Feisbase ceased operation February 2021

From 2005 – 2021 , I ran the website http://www.feisbase.nl, which was primarily a self-developed, online, Irish dance competition registration platform.

Even though it is difficult to imagine nowadays, the process of organising and running a feis(=Irish dancing competition) was mostly a manual, paper-based process. Registering a dancer is not a binary ‘yes/no’ option, but rather a selection of multiple dances, each with their own associated fees. This makes calculating registration fees per dancer a bit more involved.

In addition, the larger competitions have multiple adjudicators judging a competitor, whereby the overall score of a dancer is determined through a somewhat elaborate algorithm by combining each adjudicator’s relative scores, colloquially referred to as ‘grid scores’.

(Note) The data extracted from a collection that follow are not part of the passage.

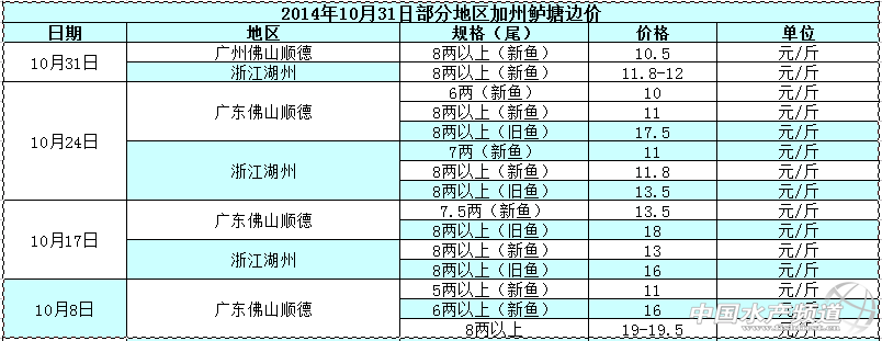 2014年10月31日部分地區加州鱸塘邊價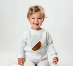 Onze baby sweatshirts bestaan uit 85% biologisch katoen en 15% gerecycled polyester.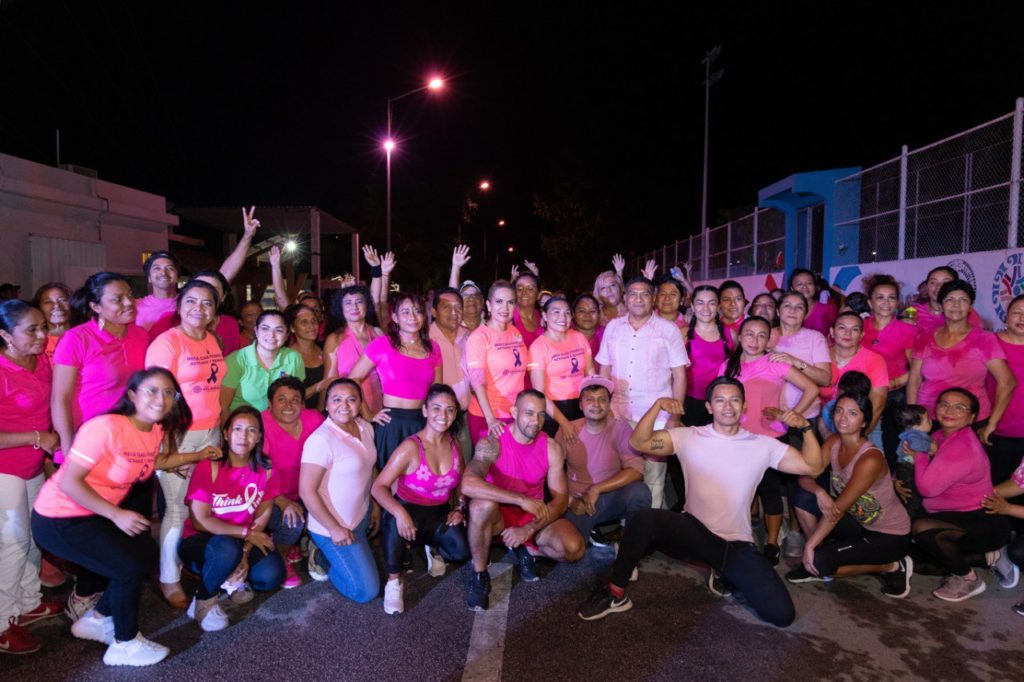 Playa del Carmen, Quintana Roo, 20 de octubre. – En conmemoración del “Día Internacional de la lucha contra el Cáncer de Mama”, y para incentivar su prevención en las mujeres solidarenses, el gobierno que encabeza la presidenta Lili Campos realizó mega clase de activación física y encendido rosa.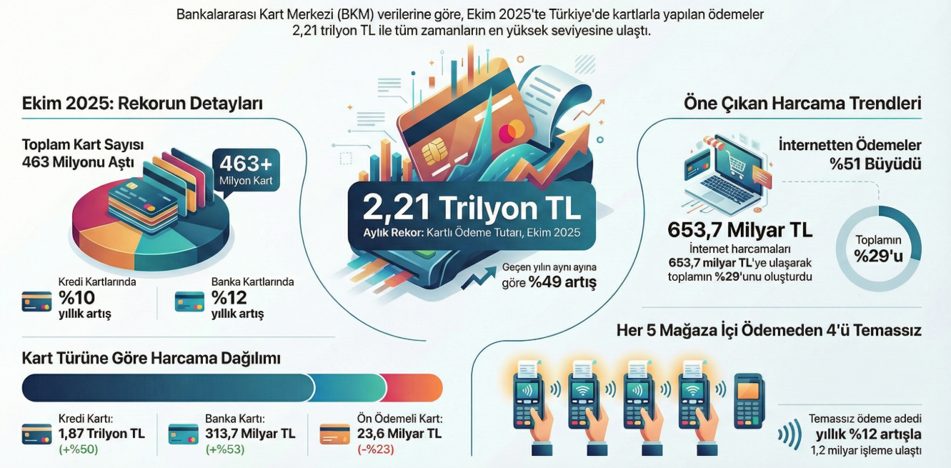 BKM verilerine göre kartlı harcama tutarı ekim ayında yıllık bazda yüzde 49 artarak 2,21 trilyon TL ile tüm zamanların en yüksek seviyesine ulaştı. Ekonomistler ise rekor artışın tüketici alışkanlıklarının değişmesinden kaynaklandığını aktardı. Bankalararası Kart Merkezi (BKM), 2025 yılı ekim ayındaki kartlı ödeme verilerini yayımladı. BKM verilerine göre Türkiye’de toplam kart sayısı ekim itibarıyla 463,2 milyon adede ulaşırken kredi kartı sayısı 140,4 milyon, banka kartı sayısı 215,6 milyon, ön ödemeli kart sayısı ise 107,2 milyon olarak belirlendi. Kredi kartlarında yıllık yüzde 10, banka kartlarında yüzde 12 artış yaşanırken, ön ödemeli kartlarda yüzde 2’lik düşüş yaşandı. Ödeme tutarı 2,21 trilyon TL ile rekor kırdı Ekim ayında kartlarla yapılan toplam ödeme tutarı ise geçen yılın aynı ayına göre yüzde 49 artarak 2,21 trilyon TL’ye çıktı. Böylece aylık bazda tüm zamanların rekoru kırıldı. Bunun 1,87 trilyon TL’si kredi kartlarıyla, 313,7 milyar TL’si banka kartlarıyla, 23,6 milyar TL’si ise ön ödemeli kartlarla gerçekleştirildi. Bu dönemde kredi kartı ödemeleri yüzde 50, banka kartı ödemeleri yüzde 53 artarken ön ödemeli kart ödemeleri yüzde 23 geriledi. Her 5 ödemeden 4’ü temassız Kartlı ödeme işlem adedi ekimde yüzde 11 artış göstererek 1,8 milyar adede yükseldi. İşlemlerin 1,03 milyar adedi kredi kartlarıyla, 714,1 milyon adedi banka kartlarıyla, 58,8 milyon adedi de ön ödemeli kartlarla yapıldı. Banka kartı işlem adetlerinde yüzde 24’lük güçlü artış dikkat çekerken ön ödemeli kartlarla yapılan işlem adedi yüzde 54 oranında geriledi. Kartlarla yapılan temassız ödeme adedi de geçen yılın aynı dönemine göre yüzde 12 artarak 1,2 milyar adede ulaştı. Bu dönemde temassız ödeme tutarı, yüzde 54 artışla 728,1 milyar TL’ye çıktı. Böylece ekim ayında mağaza içi yapılan her 5 kartlı ödemenin 4’ü temassız gerçekleştirilmiş oldu. Karahan: Kayıt dışılığın azalmasından memnuniyet duyuyoruz TCMB Başkanı Fatih Karahan, yılın son enflasyon raporunun sunumu sırasında, nakit kullanımının azalmasından memnuniyet duyduklarını söylemişti. Karahan, konuya ilişkin paylaşımında, “Nakit kullanımıyla ilgili daha önce de açıklamalarımız oldu. Bu kararları verirken teknik ihtiyaca bakıyoruz. Ama mevcut durumun sebep olduğu kayıt dışılığın azalmasından da memnun oluyoruz. Kredi büyümesinin önemli bir kısmı kredi kartları kaynaklı. Bu verileri daha iyi takip etmemizi sağlıyor. Buradaki kullanımın hepsini bireysel kredi olarak değerlendirmek mantıklı değil. Sadece ödeme alışkanlığındaki değişime işaret ediyor. Ancak, bu durum, kayıt dışılığın azalmasını sağladığı için memnuniyet duyuyoruz” ifadeleri kullanmıştı. [news_id:791099] TCMB ekonomistleri: Rekor artış talepten değil alışkanlıkların değişmesinden kaynaklanıyor Türkiye Cumhuriyet Merkez Bankası (TCMB) tarafından yayımlanan son blog yazısında ise kartlı harcamalarda yaşanan artışın talepten değil tüketicilerin nakit alışkanlığını bırakmasından kaynaklandığı belirtilmişti. Kartlı harcamalardaki artışın gerçek talebi yansıtmadığı aktarılan blog yazısında, “Kartla yapılan harcamalar talep dinamiklerini izlemek için değerli bir öncü gösterge niteliği taşıyor. Ancak son yıllarda bu harcamalar ivmelenerek özel tüketim harcamalarından ayrışıyor. Bu ayrışmada, tüketicilerin nakitle ödeme yönteminden kartla ödemeye geçmesi etkili. Bu nedenle, kartla harcama verileri üzerinden talep koşullarını değerlendirirken kart kullanım oranındaki artışın etkisinin arındırılması önem taşıyor” ifadeleri kullanılmıştı. Kaynak: TCMB

When the dancing school I attended at the time, The Redmond School of Irish Dancing, started organising competitions, I quickly whipped up a small computer program which would run in a browser and had a backend of Perl and Mysql. While functionality was only basic – its first iteration would only quickly lookup dancer names by dancer number – it quickly grew out to an online registration (and scoring) platform which was used by most schools in the Mainland Europe region.

Feisbase ran on a server at home for a good few years before hosting it in the cloud.

After about 8 years, a major rewrite was done to improve the user experience of the platform, and also to give it an updated look. A version of the site especially for mobile devices was also part of the update. While the backend technologies remained the same, the frontend was built using the javascriptMVC framework (which no longer exists). This made the website much more responsive.

A screenshot of Feisbase with its easy to use 3-column layout. While the graphics look somewhat outdated, it’s the user experience that counts 😉

Feisbase aim was to make registration of dancers as easy and efficient as possible. The entire site was responsive by using Ajax calls to the backend so that each change was saved immediately.

The main registration page was divided into three columns, beginning with column 1 showing all the teachers schools to which he/she has access. Once a school was selected, all its dancers appeared in column 2, which also sported a sophisticated search box where one could search on name or age group. Selecting a dancer would showcase all eligible competitions based on agegroup in column 3 and all was left to do is check the appropriate competitions to register. Option to export all calculated fees per school or dancer, generating dance cards and more were in section 4. Organisers of the feis had a separate screen where they could monitor all progress of the registrations and export all the stagelists to Excel.

Feisbase was decommissioned on February 28th 2021. I have made many friends throughout the Feisbase years and I want to thank everybody for their support in that period!